После нескольких лет духовного отчуждения Голд вернулся в лоно католической церкви и теперь каждую неделю ходил к мессе, дабы укрепить свою слабую веру, хотя и понимал, что в глазах прочих прихожан остается евреем. А как относиться к этому, он не знал. Голд еще в юности замечал за собой некоторые особенности, которые считал специфически еврейскими, хотя и не слишком отличался от своих ровесников, преимущественно ирландского происхождения, включая и его двоюродных братьев. Педантизм, упорство, любовь к классической музыке, склонность к морализаторству, неприятие алкоголя и насилия. Все эти качества он находил вполне приемлемыми. Но были и другие, менее похвальные, и он подозревал, что они тоже проистекают из его еврейства. Разъедающая душу самоирония. Приступы парализующего волю скептицизма. Физическая неуклюжесть. Стремление самоустраниться или даже сдаться, когда имеешь дело с агрессивными людьми или неблагоприятными обстоятельствами. Голд знал, что, думая так, разделяет взгляды антисемитов, боролся с собой, но без большого успеха.
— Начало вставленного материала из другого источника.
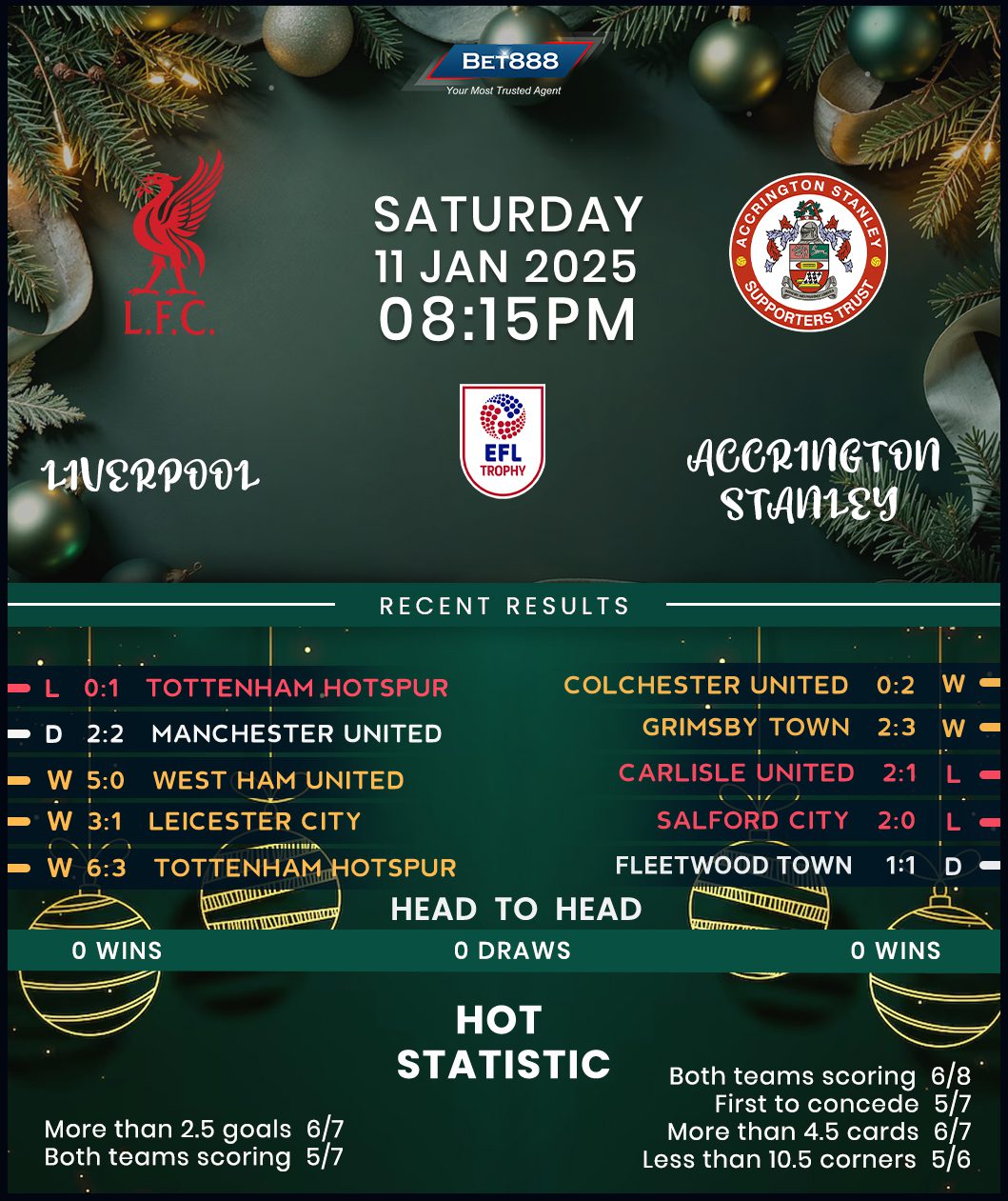 Liverpool’s title-defending EFL Cup campaign took a massive hit earlier this week as they slumped to a late 1-0 defeat at Tottenham in the first leg of their semi-final tie. Accrington’s upcoming visit to Anfield is a presentable opportunity for Arne Slot’s side to regain momentum after sharing the spoils with Manchester United in a nerve-shredding 2-2 draw in their last home outing. That result extended Liverpool’s unbeaten home streak in all competitions to 12 games (W10, D2). Needless to say, the Reds netted 2+ goals on each occasion, testifying to their unparalleled scoring prowess. However, the runaway Premier League leaders failed to keep a clean sheet in their last three home games, conceding precisely two goals twice.

В вызванной Рурке к жизни знакомой картине — собаки конвоируют колонну евреев — Голд ощутил покорное смирение; в себе он это качество ненавидел. Он понимал, как несправедливо упрекать этих людей за то, что они не борются со злом: их наивность мешала им осознавать очевидное. Но, понимая это и зная, как им было тяжело, как они были голодны и напуганы, Голд не мог не задаваться вопросом: почему никто из них не набросился на охранника, не отнял винтовку и не прихватил с собой на тот свет нескольких ублюдков? Почему не попытаться что-нибудь сделать? Понимая всю жестокость и несправедливость этого вопроса, Голд все же продолжал его задавать.
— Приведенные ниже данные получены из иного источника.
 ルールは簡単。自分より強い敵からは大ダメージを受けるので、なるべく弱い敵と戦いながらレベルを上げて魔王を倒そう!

На этот раз ожившая в памяти картина заставила Голда задуматься, почему бы тот же вопрос не задать себе. Почему он ничего не предпринимает? На его родную дочь напала собака, лишь по чистой случайности не изуродовав ей лицо. Жуткая сцена постоянно стояла перед глазами Голда, и он физически ощущал яростную готовность зверя разорвать ребенка. И это чудовище оставалось в живых, поджидая очередную жертву, потому что никто, включая его самого, ничего не предпринимал. Чувство вины за собственное бездействие не покидало его ни на минуту. А после разговора с Рурке оно стало просто невыносимым. Где бы он ни находился — дома или в магазине, — мысленно он был там, на горке и, не в силах сдвинуться с места или закричать, смотрел, как собака набрасывается на Анну с единственной целью — убить, а за зверем длинной черной змеей тянется цепь.
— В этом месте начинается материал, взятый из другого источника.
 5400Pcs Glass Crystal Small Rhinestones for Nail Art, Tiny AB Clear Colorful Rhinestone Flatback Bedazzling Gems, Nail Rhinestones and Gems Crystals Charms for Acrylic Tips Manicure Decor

Однажды поздно вечером он подъехал к парку и остановил автомобиль напротив дома, где жили хозяева собаки. Дом в колониальном стиле, с мансардой и слуховыми окошками — дорогой особняк, как и большинство домов вокруг парка. Нетрудно догадаться, почему полицейские вели себя так робко. Это тебе не какой-нибудь притон, где торгуют наркотиками, — прибежище темных личностей и преступников. На внушительных размеров зеленой двери — массивное медное кольцо, в холле — сверкающая дорогая люстра, широкая лестница с впечатляющими балясинами и тускло поблескивающими перилами. Все здесь говорило о том, что хозяева особняка в дружбе с представителями закона. Послушайте, собаке ведь тоже надо поразмяться. А те родители, что оставляют свое чадо без присмотра, пусть пеняют на себя. Есть такие типы — их хлебом не корми, дай только поныть.

На помощь полицейских Голд больше не рассчитывал, но их поведение было ему хотя бы понятно. А вот людей, допустивших, чтобы случилось такое, он не мог понять. Они не принесли извинений и даже не поинтересовались самочувствием Анны. Похоже, хозяев совсем не беспокоило, что их пес — потенциальный убийца. Голд приехал сюда со смутным желанием повидаться с хозяевами, объяснить им, что же все-таки произошло и как им надо поступить. Куда там — его и на порог здесь не пустят. Какая наивность с его стороны!

Тем же вечером Голд позвонил Рурке и сказал, что принимает его предложение.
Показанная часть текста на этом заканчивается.